Food allergies are more common in infants and toddlers, and often can be linked to a history of eczema, said Dr. Stacey Galowitz, an allergy specialist from New Jersey.
Children under age 2 rarely exhibit outdoor pollen allergies because they haven’t had exposure to make sufficient antibodies to the allergen.
If they have environmental allergies before they’re 2, it’s likely from indoor allergens such as pet dander or dust mites.
Anagnostou said the majority of children grow out of egg, milk, soy, and wheat allergies.
“Peanut, tree nut allergies, and fish or shellfish allergies are more persistent and unlikely to be outgrown,” Anagnostou said.
Technically, there’s no cure for allergies, though they can be managed with avoidance and treatment, the AAFA reports. However, parents need to remember that symptoms can reemerge at any time.
Anagnostou said recent research showed introducing peanuts to infants between 4 and 11 months of age may prevent a peanut allergy. But that’s not advised if you know your infant is already allergic to peanuts, she explained.
“Early introduction of food allergens is generally encouraged. For those at high-risk who need testing, this can happen at any age, including during the first year of life,” she added.
Galowitz noted that introducing eggs between 4 and 6 months has also proven effective. It’s especially important for children with eczema, as they’re at higher risk of being sensitized to these allergens through the breaks in their skin.
Children with eczema are more likely to develop a true food allergy if they avoid early introduction. The data isn’t clear on if eating certain foods while pregnant can impact outcomes in infancy or early childhood.
“We believe there are windows of time that are more ideal for the immune system to see and properly process highly-allergenic proteins, and delaying introduction misses these crucial windows,” Galowitz said.
The biggest misconception about food allergies is that infants and toddlers can’t be tested for them, Anagnostou said.
Parents should know that the allergy they may have will not automatically be passed down to their children.
“Specific allergies are not something that is genetically passed down, though the tendency to be an allergic person overall does have a genetic basis,” Galowitz said.
Allergies are different from an intolerance but many people confuse the two, Mendez noted.
Food allergies cause an immune system response and can produce symptoms that are uncomfortable or life-threatening.
An intolerance doesn’t impact the immune system but some of the symptoms of a food intolerance can be the same as an allergic reaction.
Symptoms of a true allergic reaction usually involve more than one organ system such as the skin or mouth, the lungs, the heart, and the gut. Some symptoms include:
- skin rashes, itching, or hives
- swelling of the lips, tongue, or throat
- shortness of breath, trouble breathing, or wheezing (whistling sound during breathing)
- dizziness or fainting
- stomach pain, bloating, vomiting, or diarrhea
- uterine cramps
- feeling like something awful is about to happen
Environmental allergies usually present with symptoms like sneezing, itchy or bloody nose, runny nose, or itchy eyes. Testing by an allergist can reveal the specific triggers, such as grass or tree pollen, Anagnostou said.

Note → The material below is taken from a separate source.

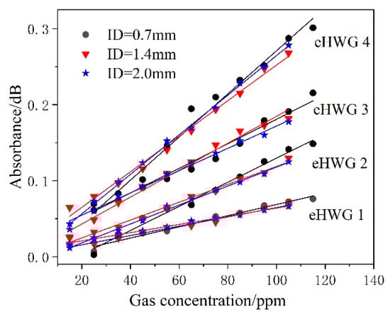 It was shown above that choosing the AgI/Ag waveguide has advantages over the Ag waveguide at the LOD. The performance of the eHWG with AgI/Ag waveguides of various IDs were also experimentally discussed. Twelve groups of data (including four groups of data in Figure 8) were measured for four eHWGs with AgI/Ag waveguides with IDs of 0.7 mm, 1.4 mm, and 2.0 mm. The absorbance versus concentration is shown in Figure 10. Similar results were obtained, showing that the eHWGs with longer waveguides had higher sensitivity. Concerning the sensitivity of the same eHWG with waveguides with different IDs, we concluded that the inner diameter had no obvious influence on the sensitivity. Although a slight difference in sensitivity can be observed in Figure 10 for waveguides with various IDs in the same eHWG, this might have been caused by measuring error, or the different mode structures and coupling conditions for the waveguides.

If you suspect your child has an allergy, or know they have one, ask your doctor for a complete list of symptoms and an anaphylaxis action plan, Mendez noted.
Doctors diagnose allergies by reviewing a patient’s medical history and conducting a physical exam. Some patients require an X-ray of the lungs or sinuses.

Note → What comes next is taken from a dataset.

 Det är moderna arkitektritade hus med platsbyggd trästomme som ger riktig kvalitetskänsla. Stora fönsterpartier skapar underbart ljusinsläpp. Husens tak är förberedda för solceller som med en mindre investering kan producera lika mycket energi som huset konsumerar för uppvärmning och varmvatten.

They also conduct an allergen test, which can involve exposing the skin to an allergen, applying a patch, or taking blood.
“With the rare exception, the only time children should be tested for food allergies is after an allergic reaction,” noted Dr. Gary Soffer, an assistant professor of clinical pediatrics at the Yale School of Medicine.
The tests used have high rates of false positives, Soffer said.
“This often leads to children unnecessarily being labeled as allergic to foods that they may very well be able to tolerate,” he said, adding that he cautions parents to test their children at a board-certified allergist’s office.